Scimitar oryx

Scimitar-horned oryx (Oryx dammah )

The scimitar-horned oryx (Oryx dammah ) is a once native to the Sahara type of Oryx.

Exterior Features

Of the other species of the genus Oryx, it is distinguished by the long, strong backward curved horns from 1 to 1.25 meters in length. The shoulder height is 120 centimeters, weight up to 200 kilograms. The coat is white, dyed partly brownish.

Behavior

The sable antelope feeds on grasses, leaves and fruits, and lives in herds of up to seventy animals. The gestation period is about 270 days, after which the female gives birth to a single offspring.

Dissemination

As a pure desert animal, the scimitar-horned oryx lived in the central Sahara, in the large mammals are otherwise rare. While they were once lived in large herds from Mauritania to Egypt, there was finally only small residual populations in the north of Niger and Chad States. Once the herds should have included up to a thousand antelopes. Within the Sahara they wandered far and could survive for several months without water.

Eradication in freedom

Uncontrolled hunting, the last place from cars and airplanes that were once common scimitar-horned oryx in the wild was completely destroyed. Since their habitat offered them no way to prospect for hiding the destruction process was very quick. In Egypt, the scimitar-horned oryx in 1850 already died out. In the central Sahara, the herds survived several decades, but in the 1970s survived only small groups around the Termit Massif in Niger and the nature reserve Ouadi Rime Ouadi Achim in Chad. Extensive search expedition in the years 2001-2004 could sift no living Säbelantilope more, so that the IUCN did not have to change the status of the species occurring in wilderness. However, there was recently an unconfirmed sighting of four sable antelope in northern Niger.

Maintenance in captivity

Paradoxically, in the wilderness no longer occurring scimitar-horned oryx is the second most held in zoos antelope; only the blackbuck is represented more frequently. Overall, there were worldwide in 2005 at least 1,500 animals that were held within the framework of breeding programs. In the United Arab Emirates, probably about 4000 animals are kept in a private collection.

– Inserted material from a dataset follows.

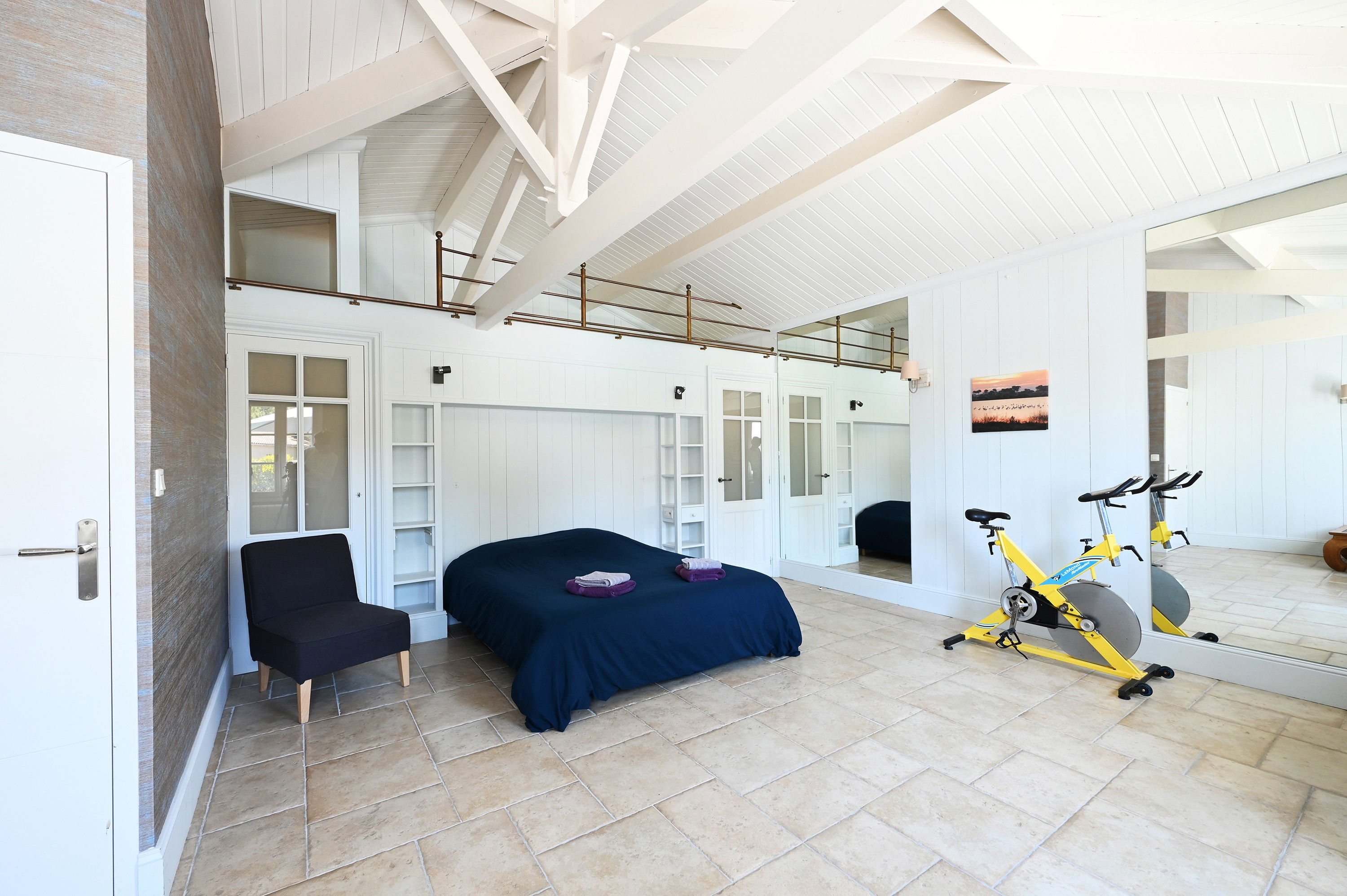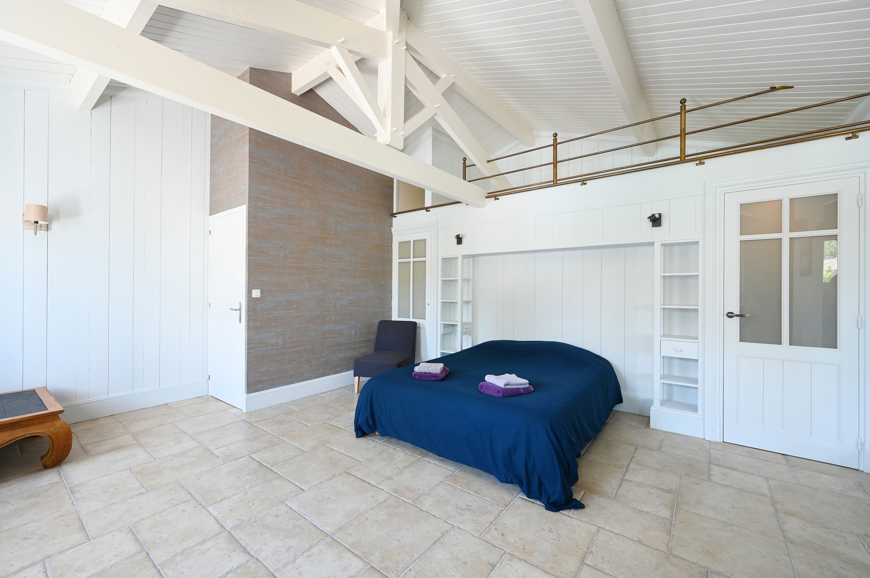 - 2 Suiten: Jede von ihnen hat ein Doppelbett (160), ein Ankleidezimmer, ein Badezimmer, ein WC und einen direkten Zugang zum Garten oder zu einem Innenhof.
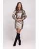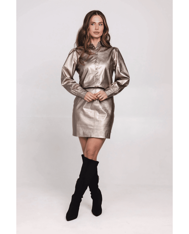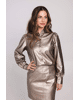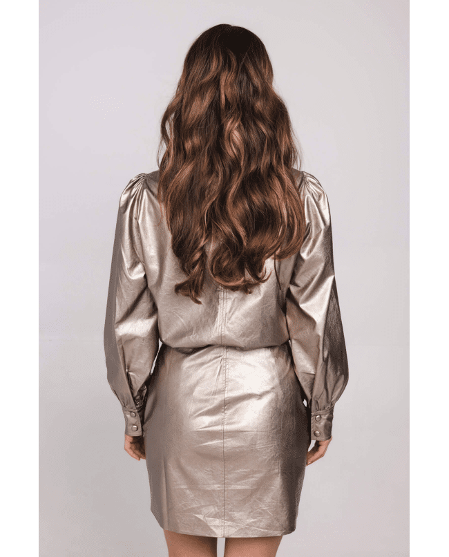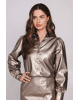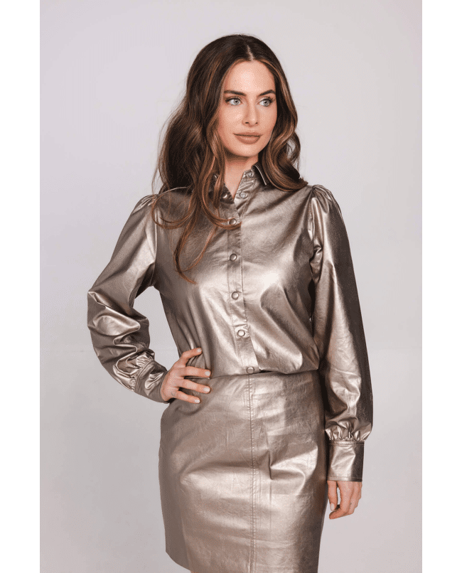 Eddie - Damesblouse van Accentil met metallic bronze imitatieleer en lange mouwen

In early 2012 the stock on Texas hunting ranches had grown to at least 6,000 animals. The American animal rights organization " Friends of Animals ", however, won a lawsuit against the American conservation authority which has granted a special permit to hunt the protected antelope. As a result, the hunt was hampered on the Oryx in Texas from April 2012. Many farms have consequently reduced their Oryx stock. In the U.S. Congress there is a foray, the Save Endangered Species Act of 2013 to allow the hunting of sable antelope in the U.S. again.

Reintroduction

Since the scimitar-horned oryx was destroyed not by habitat destruction, but by hunting in freedom, reintroductions published soon make sense. Already in 1986, ten animals were reintroduced in southern Tunisia in a fenced area of the Bou- Hedma National Park. By 1997 this herd had increased to 84 animals.

In other fenced protected areas in Tunisia, Morocco and Senegal animals are kept.